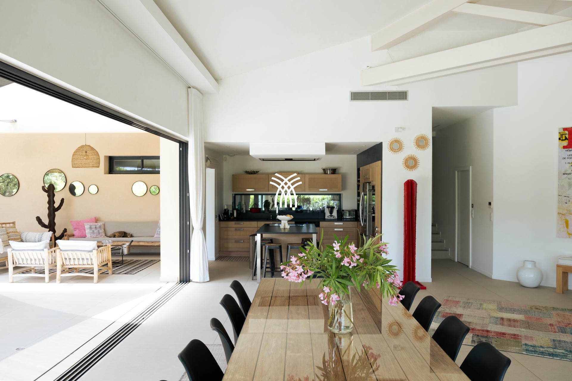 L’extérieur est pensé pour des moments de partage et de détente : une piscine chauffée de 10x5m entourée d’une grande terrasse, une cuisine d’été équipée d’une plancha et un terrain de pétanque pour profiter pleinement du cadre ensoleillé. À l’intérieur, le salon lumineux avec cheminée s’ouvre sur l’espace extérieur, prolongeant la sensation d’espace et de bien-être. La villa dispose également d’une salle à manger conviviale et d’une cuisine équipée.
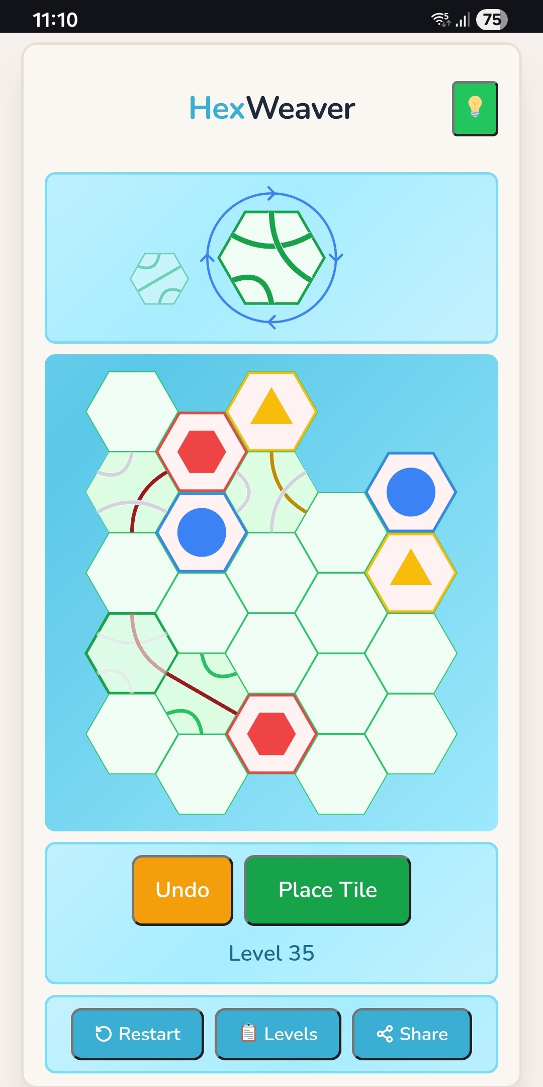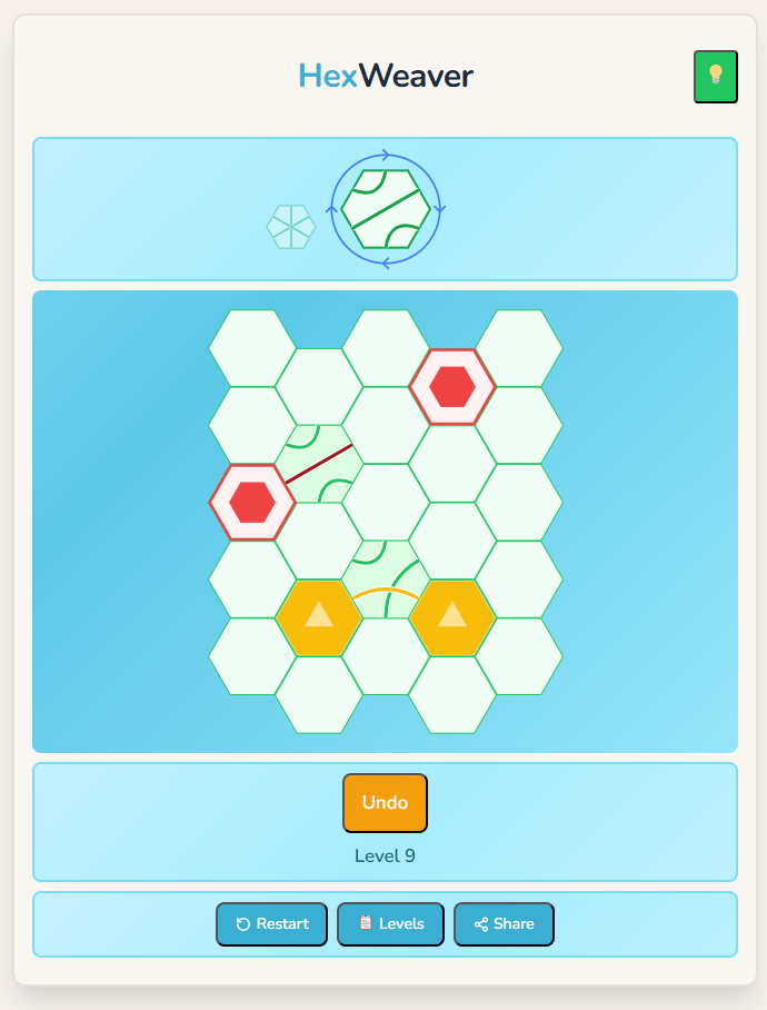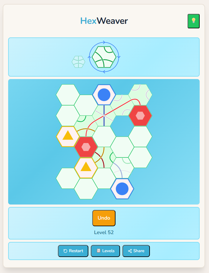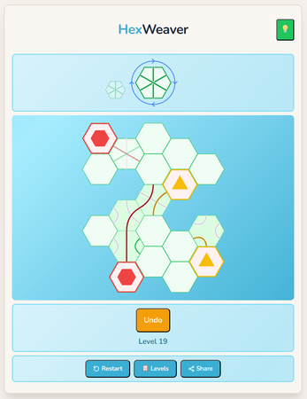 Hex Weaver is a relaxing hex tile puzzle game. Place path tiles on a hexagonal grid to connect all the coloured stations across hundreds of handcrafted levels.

---

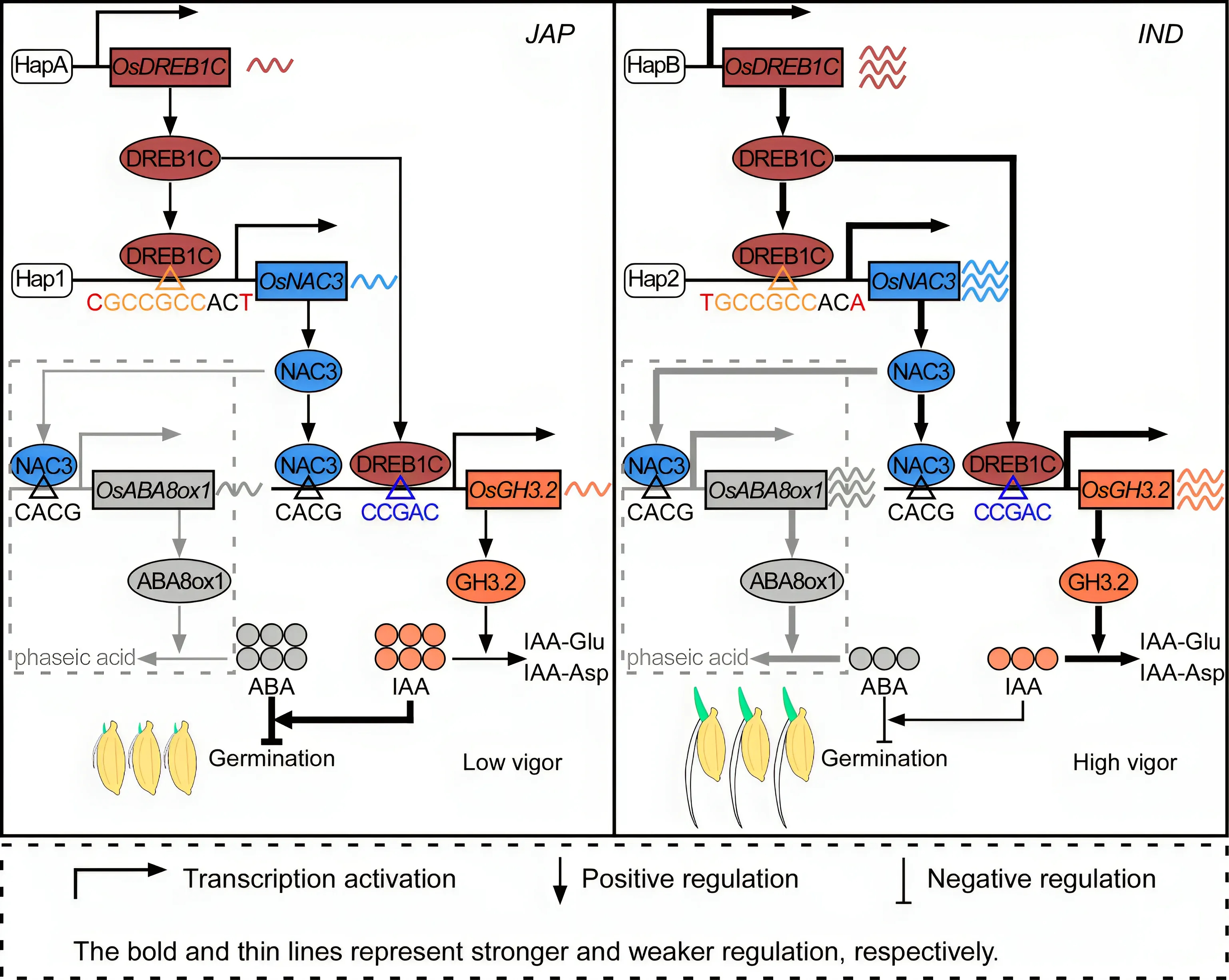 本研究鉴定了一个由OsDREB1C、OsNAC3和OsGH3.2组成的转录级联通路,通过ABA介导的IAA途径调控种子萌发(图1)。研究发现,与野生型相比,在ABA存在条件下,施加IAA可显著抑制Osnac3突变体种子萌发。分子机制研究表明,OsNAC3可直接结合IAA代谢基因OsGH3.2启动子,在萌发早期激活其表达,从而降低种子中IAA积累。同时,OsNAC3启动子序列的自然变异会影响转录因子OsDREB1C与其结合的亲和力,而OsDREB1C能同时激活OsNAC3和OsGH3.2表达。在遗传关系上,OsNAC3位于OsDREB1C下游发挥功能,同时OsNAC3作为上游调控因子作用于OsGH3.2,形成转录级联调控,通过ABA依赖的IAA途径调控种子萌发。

EXERCISE DETAILS —
The material above holds pictures; leave them out and set down exactly the lines from the line with "L’extérieur est pensé" to the line with "Hex Weaver is", both included.

SOLVED EXERCISE —
 L’extérieur est pensé pour des moments de partage et de détente : une piscine chauffée de 10x5m entourée d’une grande terrasse, une cuisine d’été équipée d’une plancha et un terrain de pétanque pour profiter pleinement du cadre ensoleillé. À l’intérieur, le salon lumineux avec cheminée s’ouvre sur l’espace extérieur, prolongeant la sensation d’espace et de bien-être. La villa dispose également d’une salle à manger conviviale et d’une cuisine équipée.
 Hex Weaver is a relaxing hex tile puzzle game. Place path tiles on a hexagonal grid to connect all the coloured stations across hundreds of handcrafted levels.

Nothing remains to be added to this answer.